Two long tarmac runways, constructed on a dry lake bed, ran parallel to the hangar. My escort led me to a Lockheed C-5 Galaxy, an immense military transport that dwarfed everything else under the roof. Painted in green camouflage, the plane — nicknamed FRED (Fucking Ridiculous Environmental Disaster) by its crew — had twelve internal wing tanks and was equipped for aerial refueling. The T-shaped tail towered three stories overhead, its nose and aft loading docks lowered open to receive its payload.

The payload was a thirty-seven-foot submarine named the Tethys, the very ship described to me seven years earlier by Ben Hintzmann. She had been named after the Titan goddess of freshwater rivers and streams, and the ancient sea that harbored prehistoric life 200 million years ago. The vessel had been designed for one purpose: to access Lake Vostok by traveling beneath the East Antarctic ice sheet through a network of subglacial rivers.

To accomplish this, the sub housed two ice-melting elements in its reinforced, chisel-shaped bow. The first was a Europa-class Valkyrie laser.
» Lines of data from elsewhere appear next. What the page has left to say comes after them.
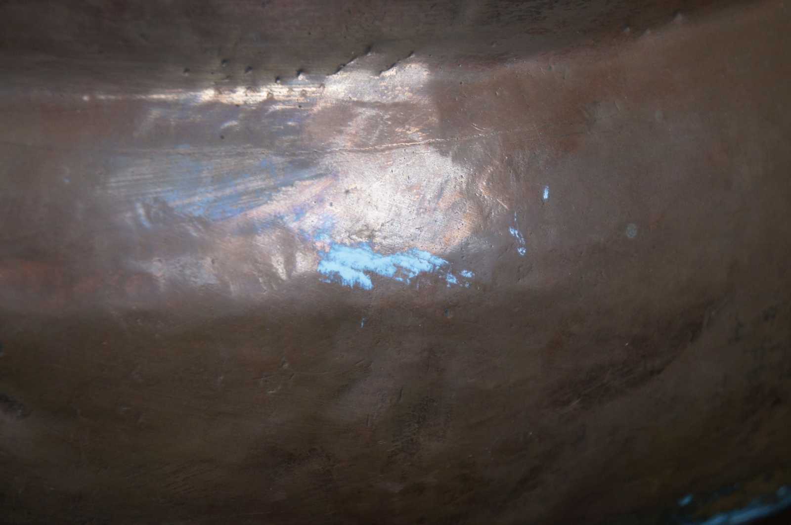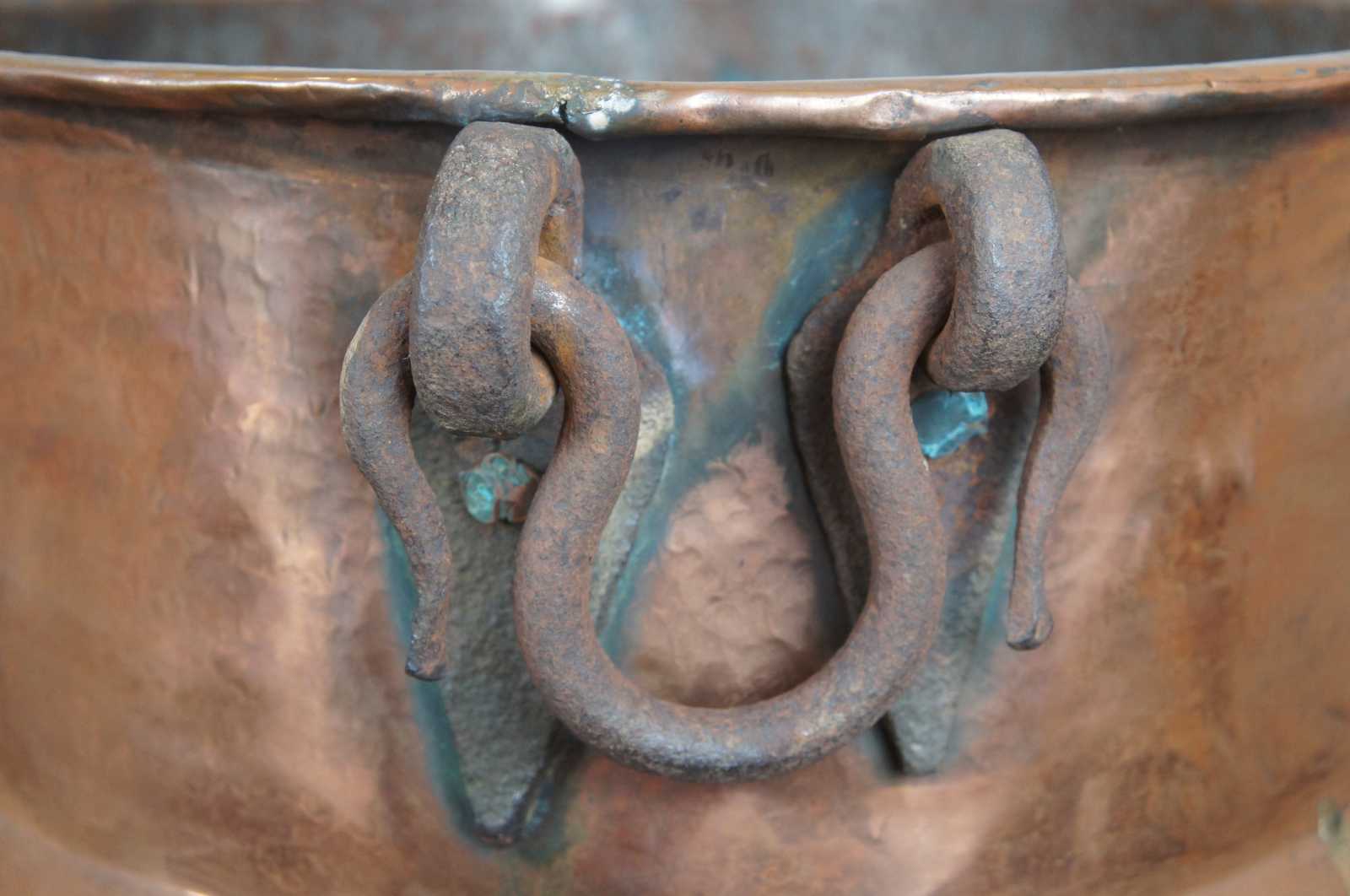 Monumental antique copper cauldron featuring hammered details with dovetailing and ornate forged iron handles.
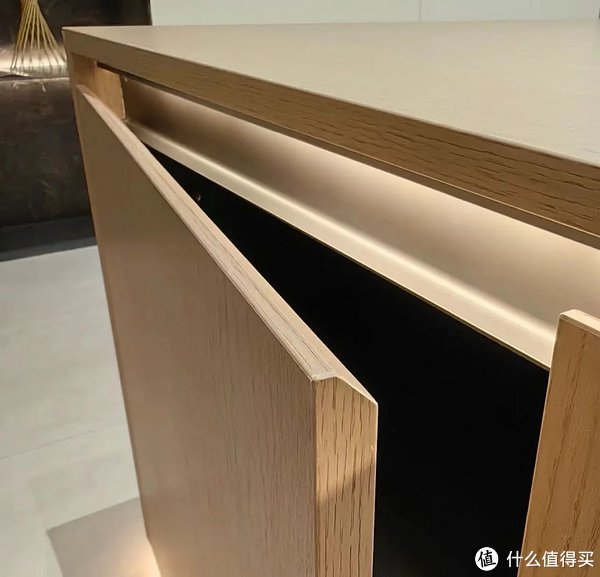 不仅局限于柜子侧面,有时候柜子的开放格、吊柜的底部也做见光板。
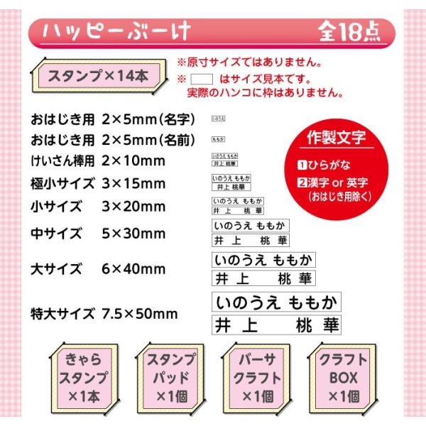 こちらは、ひらがなと漢字のお名前スタンプ14本にキャラスタンプ1本、おしゃれなクラフトボックス、インクパッド、パーサクラフトがついた18点セットです★
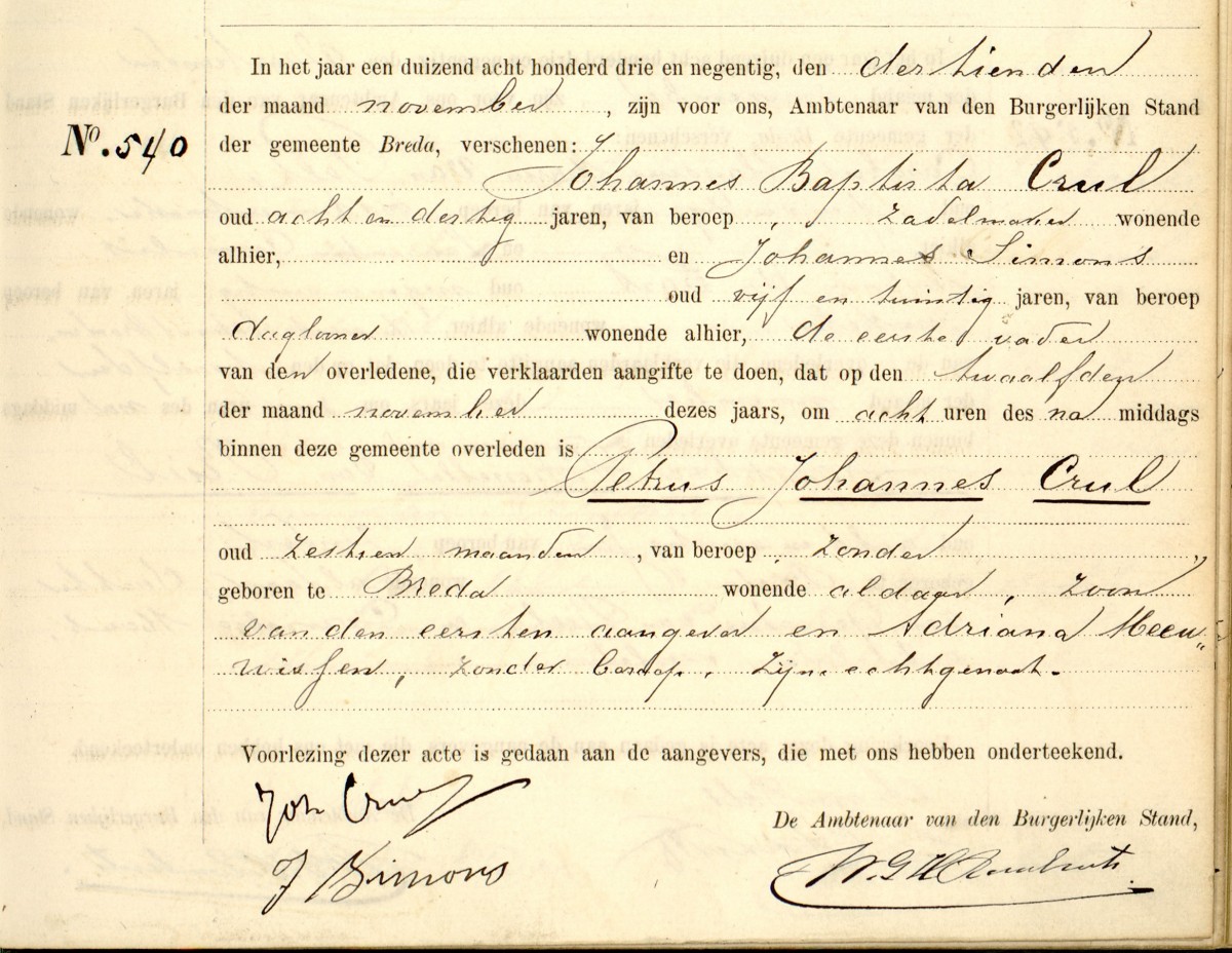 | Overleden | zo 12 nov 1893 te Breda |

Like the two Valkyries that had been mounted on the Barracuda, it was designed specifically for Jupiter’s frozen moon. The E-class, however, was three times the diameter of its predecessor and was powered by a nuclear reactor.

To help the sixty-three-ton ship’s twin engines propel the Tethys through the ice, the sub had been equipped with a bow and flat bottom composed of a calcium isotope, the plates of which could be superheated to temperatures exceeding fifteen hundred degrees Fahrenheit. The end result was a dagger-shaped vessel that melted ice like a hot knife through butter, keeping the submarine hydroplaning toward its target.

Technicians loaded the ship aboard the transport and secured it in chains. I boarded through the open nose to the forward passenger section, where seventy-two business-class seats were set in eighteen rows facing the rear of the aircraft. The plane was empty, the sub’s crew still finishing breakfast. The guard stopped me at the third row and motioned for me to occupy a window seat while he took the aisle. Reclining the chair, I closed my eyes and tried to settle my nerves.

But the thought of William and Brandy held captive, along with the image of Susan’s skull splattering across the white tile floor, wouldn’t leave me. The guard’s presence only added to my anxiety.

Unable to take it anymore, I stood and confronted the armed man. “I need something to put me out. Drugs, booze, a bottle of cough syrup — I don’t care what it is, but I need it now!”

“How about I just punch you in the face?”

“Do it, arse. Then you can explain to the Colonel why his lead scientist can’t function when we get to Antarctica.”

Realizing he needed to deal with my issue, the guard radioed for a physician.

Ten minutes later Dr. Stewart was rigging an I.V. drip to service me in the first-row window seat. “This will put you in La La Land for a good fifteen hours. When you wake up, you can take these pills, one every four hours. Just make sure you eat something first.” He slid the needle into a vein in my left forearm, securing it in place with medical tape. “By the way, I’m sorry about Susan. To waste a life like that… It’s not why I joined MJ-12. All life is sacred. No matter the species, we’re all God’s creatures. Even the bloody Irish.”